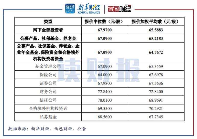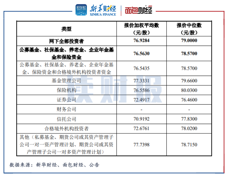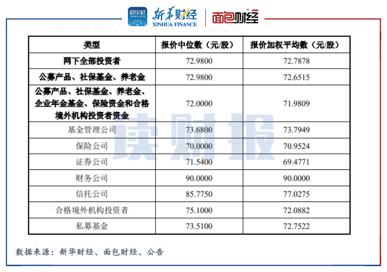 仁度生物在询价期间共收到383家网下投资者管理的9958个配售对象的初步询价报价信息,报价区间为7.50元/股-149.61元/股,拟申购数量总和为268.02亿股。在剔除无效、高价报价后,入围网下投资者的报价加权平均数为72.7878元/股,基金管理公司的加权平均数为73.7949元/股。
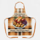 Das Design der Erntedank-Schürze zeichnet sich durch einen festlichen karierten Hintergrund in warmen Herbsttönen in Orange, Beige und Schwarz aus. In der Mitte gibt es eine detaillierte Abbildung eines traditionellen Erntedank-Festes, mit einem gerösteten Truthahn umgeben von Gärten, Kartoffeln und Trauben. Der anpassbare Text über dem Bild lautet "Koch [Name]" (Beispiel: Koch Johnson), und unten steht "Glückliches Erntedankfest!!!!" in einem klassischen Serif-Schriftart. Diese Schürze verbindet sowohl rustikalen Charme als auch Urlaubsjubiläum und macht sie zu einem großartigen Geschenk für den Koch der Familie oder für jeden, der das Erntedank-Fest veranstaltet.
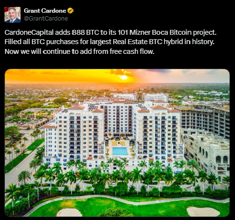 Cardone Capital, one of the most prominent names in real estate investment, has taken another notable step into the crypto market. The firm recently acquired 888 Bitcoin, amounting to roughly 84 million dollars, reinforcing its position in what is considered one of the largest real estate–Bitcoin hybrid initiatives to date. This purchase expands the BTC holdings linked to the company’s 101 Mizner Boca project, marking a significant milestone in the firm’s long-term digital asset strategy.
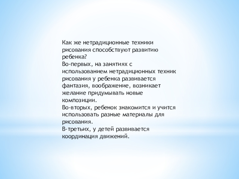 Слайд 10Как же нетрадиционные техники рисования способствуют развитию ребенка?
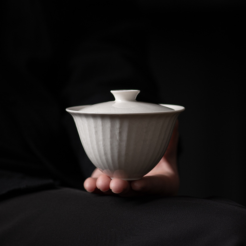 羊脂玉蓋碗三才は手を温めないで白い磁器の茶碗の家庭用高級なお茶の杯の工夫の茶器を停止します。

================================

■ To do: The entries are to be restated word for word, with pictures omitted.

■ Exercise response:
 仁度生物在询价期间共收到383家网下投资者管理的9958个配售对象的初步询价报价信息,报价区间为7.50元/股-149.61元/股,拟申购数量总和为268.02亿股。在剔除无效、高价报价后,入围网下投资者的报价加权平均数为72.7878元/股,基金管理公司的加权平均数为73.7949元/股。
 Das Design der Erntedank-Schürze zeichnet sich durch einen festlichen karierten Hintergrund in warmen Herbsttönen in Orange, Beige und Schwarz aus. In der Mitte gibt es eine detaillierte Abbildung eines traditionellen Erntedank-Festes, mit einem gerösteten Truthahn umgeben von Gärten, Kartoffeln und Trauben. Der anpassbare Text über dem Bild lautet "Koch [Name]" (Beispiel: Koch Johnson), und unten steht "Glückliches Erntedankfest!!!!" in einem klassischen Serif-Schriftart. Diese Schürze verbindet sowohl rustikalen Charme als auch Urlaubsjubiläum und macht sie zu einem großartigen Geschenk für den Koch der Familie oder für jeden, der das Erntedank-Fest veranstaltet.
 Cardone Capital, one of the most prominent names in real estate investment, has taken another notable step into the crypto market. The firm recently acquired 888 Bitcoin, amounting to roughly 84 million dollars, reinforcing its position in what is considered one of the largest real estate–Bitcoin hybrid initiatives to date. This purchase expands the BTC holdings linked to the company’s 101 Mizner Boca project, marking a significant milestone in the firm’s long-term digital asset strategy.
 Слайд 10Как же нетрадиционные техники рисования способствуют развитию ребенка?
 羊脂玉蓋碗三才は手を温めないで白い磁器の茶碗の家庭用高級なお茶の杯の工夫の茶器を停止します。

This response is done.